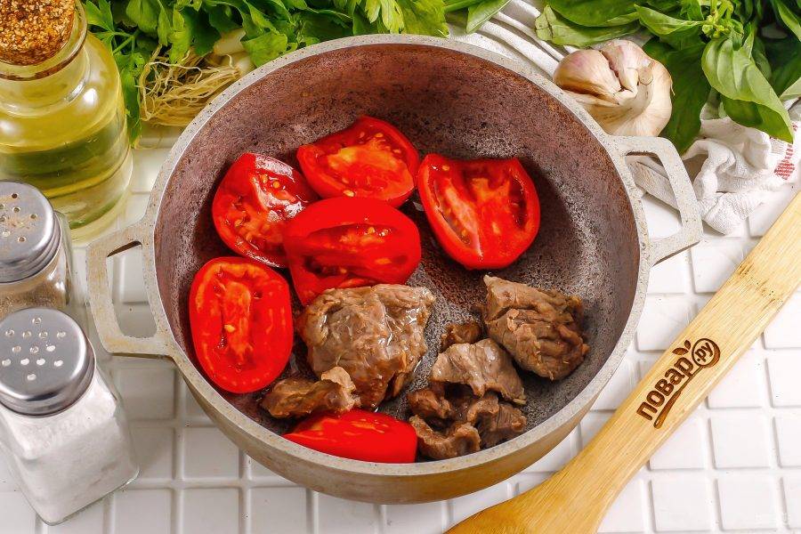 Промойте помидоры в воде и разрежьте их пополам. Срежьте зеленые сердцевинки. Лучше использовать небольшие плоды. Мясо нарежьте на части, прогрейте в казане растительное масло. Выложите в него половинки помидоров и нарезку мяса.
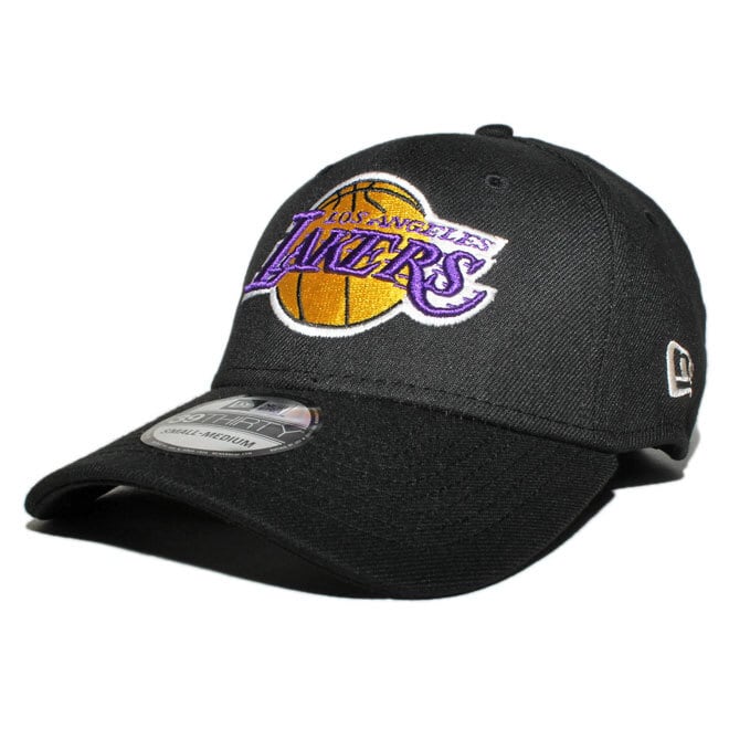 フロントにNBAのロサンゼルス レイカーズのチームロゴ、左サイドにNEフラッグロゴ、バックにNBAロゴが刺繍されたモデル。
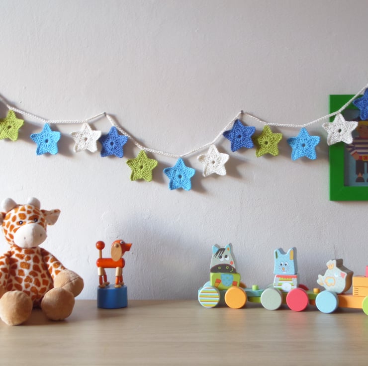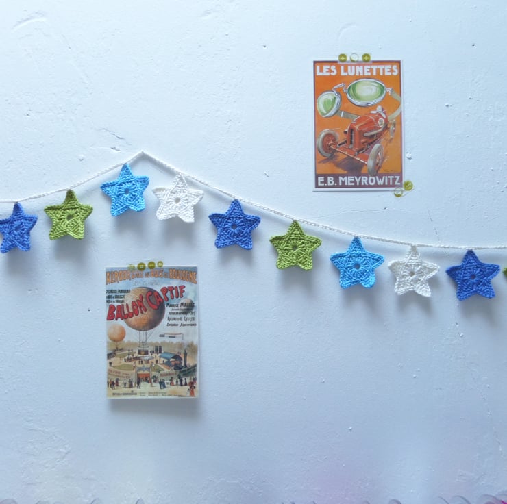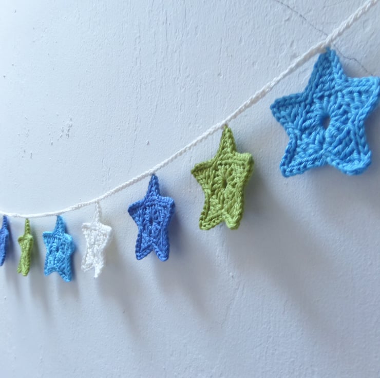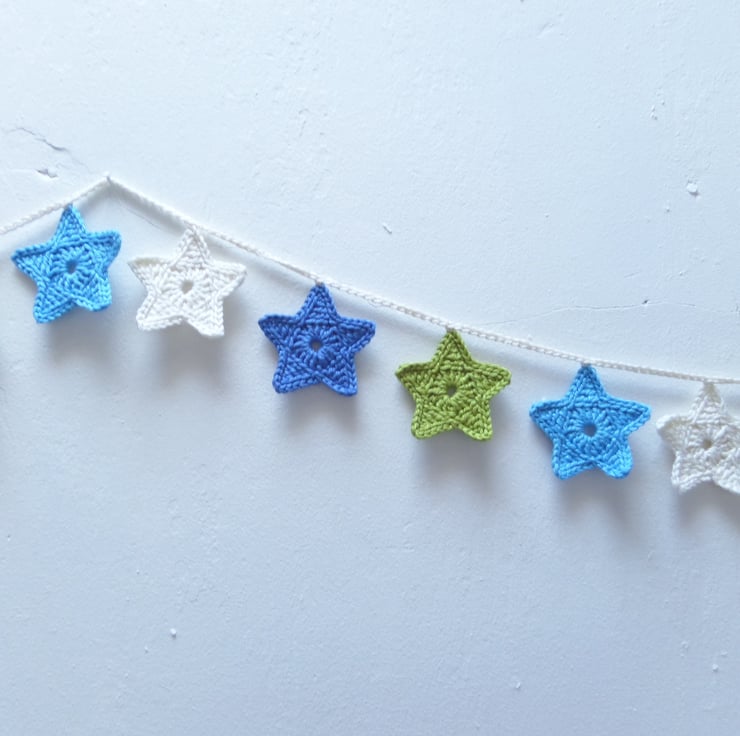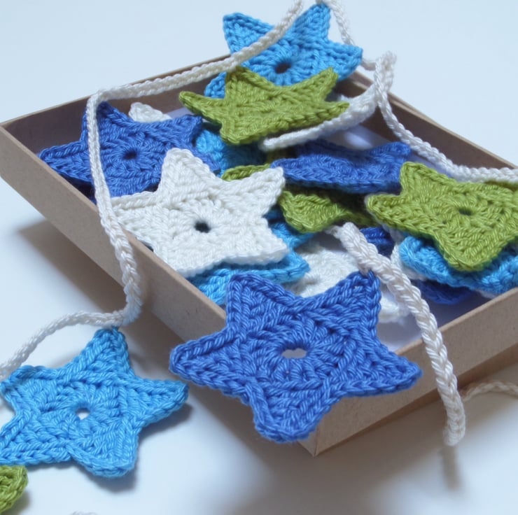 Each star is crocheted by hand from 100% Cotton, and measures 4.5cm across, and the full garland length is 185cm. A little loop at each end of the garland makes it simple to hang on the wall.
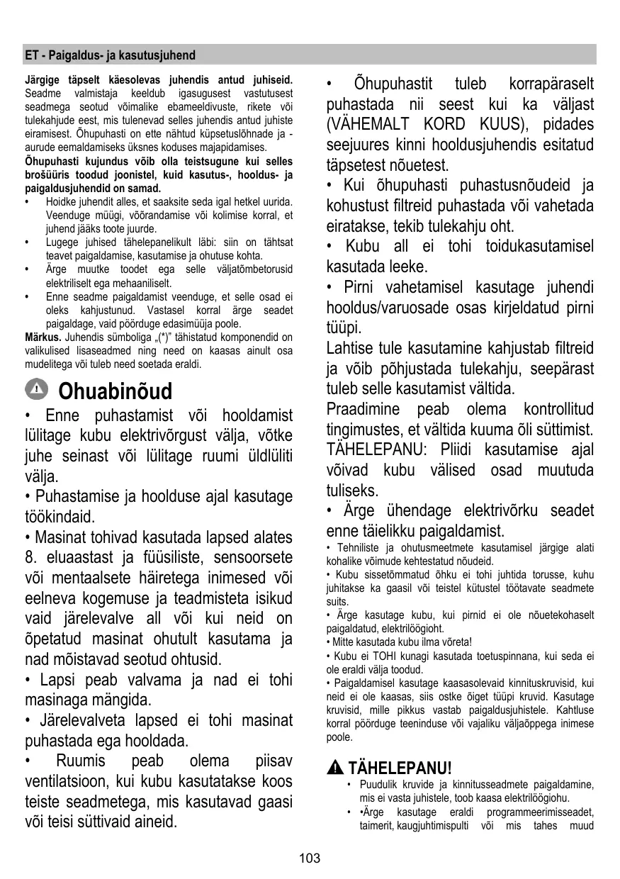 Téléchargez la notice de votre Köögituulutus au format PDF gratuitement ! Retrouvez votre notice PRF0032793C - ELICA et reprennez votre appareil électronique en main. Sur cette page sont publiés tous les documents nécessaires à l'utilisation de votre appareil PRF0032793C de la marque ELICA.

####

What you produce should repeat the data word for word while omitting all images.

 Промойте помидоры в воде и разрежьте их пополам. Срежьте зеленые сердцевинки. Лучше использовать небольшие плоды. Мясо нарежьте на части, прогрейте в казане растительное масло. Выложите в него половинки помидоров и нарезку мяса.
 フロントにNBAのロサンゼルス レイカーズのチームロゴ、左サイドにNEフラッグロゴ、バックにNBAロゴが刺繍されたモデル。
 Each star is crocheted by hand from 100% Cotton, and measures 4.5cm across, and the full garland length is 185cm. A little loop at each end of the garland makes it simple to hang on the wall.
 Téléchargez la notice de votre Köögituulutus au format PDF gratuitement ! Retrouvez votre notice PRF0032793C - ELICA et reprennez votre appareil électronique en main. Sur cette page sont publiés tous les documents nécessaires à l'utilisation de votre appareil PRF0032793C de la marque ELICA.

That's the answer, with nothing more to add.